Jay, please, don’t do this.”

“I’ve been thinking. Which, admittedly, is a dangerous thing.” Jay laughed, but Stephen remained grave. “Look, we have too many differences. I just don’t feel like it’s . . . like
we’re
going to work out.”

Stephen began buttoning up his shirt, looking down at his fingers, shielding his face from her.

“What?” Jay asked. “What are you thinking?”

When he looked up, his eyes were blurry. Jay was startled to see him this way.
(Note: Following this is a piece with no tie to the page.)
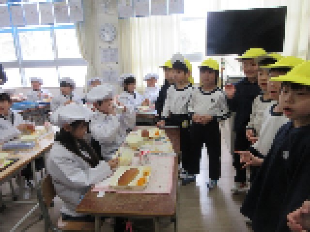 きく組(5歳児)は、1年生の給食参観に行ってきました。

He looked years younger.

“It’s just that—” he paused. “Jay, it’s just that, since we’ve been together, you’ve been acting on this paradigm—”

“Stephen,”
Jay interrupted. “Just talk normally.”

He looked as though she’d struck him.

“I didn’t know you resented me speaking in analytical terms,” he said.
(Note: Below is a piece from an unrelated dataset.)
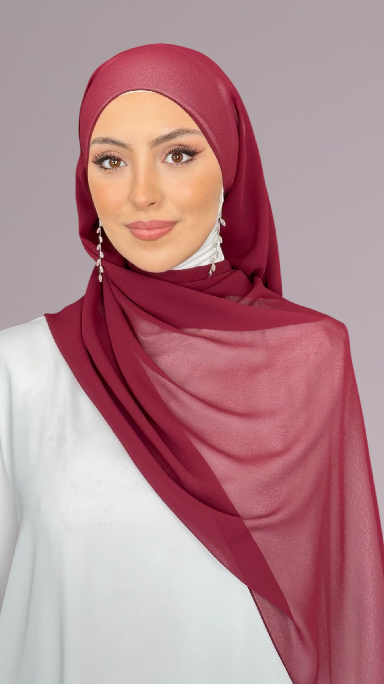 Audace e sofisticato, Ruby Plum è il hijab in chiffon crêpe che conquista al primo sguardo. Una tonalità intensa di prugna con sfumature rubino, perfetta per chi cerca eleganza, carattere e un tocco di mistero.

“I don’t.” Jay touched him lightly on the shoulder. “Don’t look so beaten down. It’s just little old me.”

“But that’s just it,” Stephen said, showing a flash of anger. “There’s no ‘little old Jay.’ That’s precisely what I was talking about. You’ve set things up so that I’m the high-and-mighty professor with you as the naïve little waitress. But it doesn’t hold water. You’re a formidable person, Jay—you get it from your father. But you’ve had this attitude that you’re lucky to be with me, that all our differences work in my favor. But Jay, you know, I don’t want to be without you.”

“Stephen—”

“No, let me finish.” He folded his arms around himself, his voice strained. “I’m older than you, yes, I can’t change that. But I . . . I
love
you, Jay. I want us to build our lives together.”

“Oh, shit, Stephen.” She had warned herself against this. His emotions were peaking, her own were like water coming to a boil. She didn’t want a crying scene. She couldn’t take it. How to communicate to him that she had simply
made up her mind
?

“Don’t do this,” Stephen said. “Come back to me.”

“I’m not going to do that,” she said.

“Why not?”
he asked in a high-pitched, unfamiliar voice, the intonation of a little boy denied the thing he wanted most.

Why not? Because she had made up her mind. Of course Stephen was paying for the sins of Michael Carmelov, and Lewis Ingraham, and Jay Ingraham, as well. It wasn’t fair, but it didn’t need to be. Stephen knew what was going on—hadn’t they once discussed how it was the female human’s rightful responsibility to break up, that it was her role to manage the primal core of mate selection behind the confused jumble of what was called a “relationship”?

The sun was up, a blurred suggestion of itself through the thick pack of overcast. It looked like it was going to snow all day.

Jay looked up at Stephen, suddenly aware that she hadn’t answered his desperate question.

“I’ve always been honest with you,” she said.

“I know you think that,” Stephen said in a low voice.

“What’s that mean?” she asked.

“Nothing.” Stephen folded his arms and cupped his chin in one hand. “I’m upset. I’m probably going to start saying stupid things. I have to go talk to a bunch of uninterested undergraduates about Walter Benjamin, and it’s going to be hard to do because you’ve just hurled a load of plastic explosives into my life.”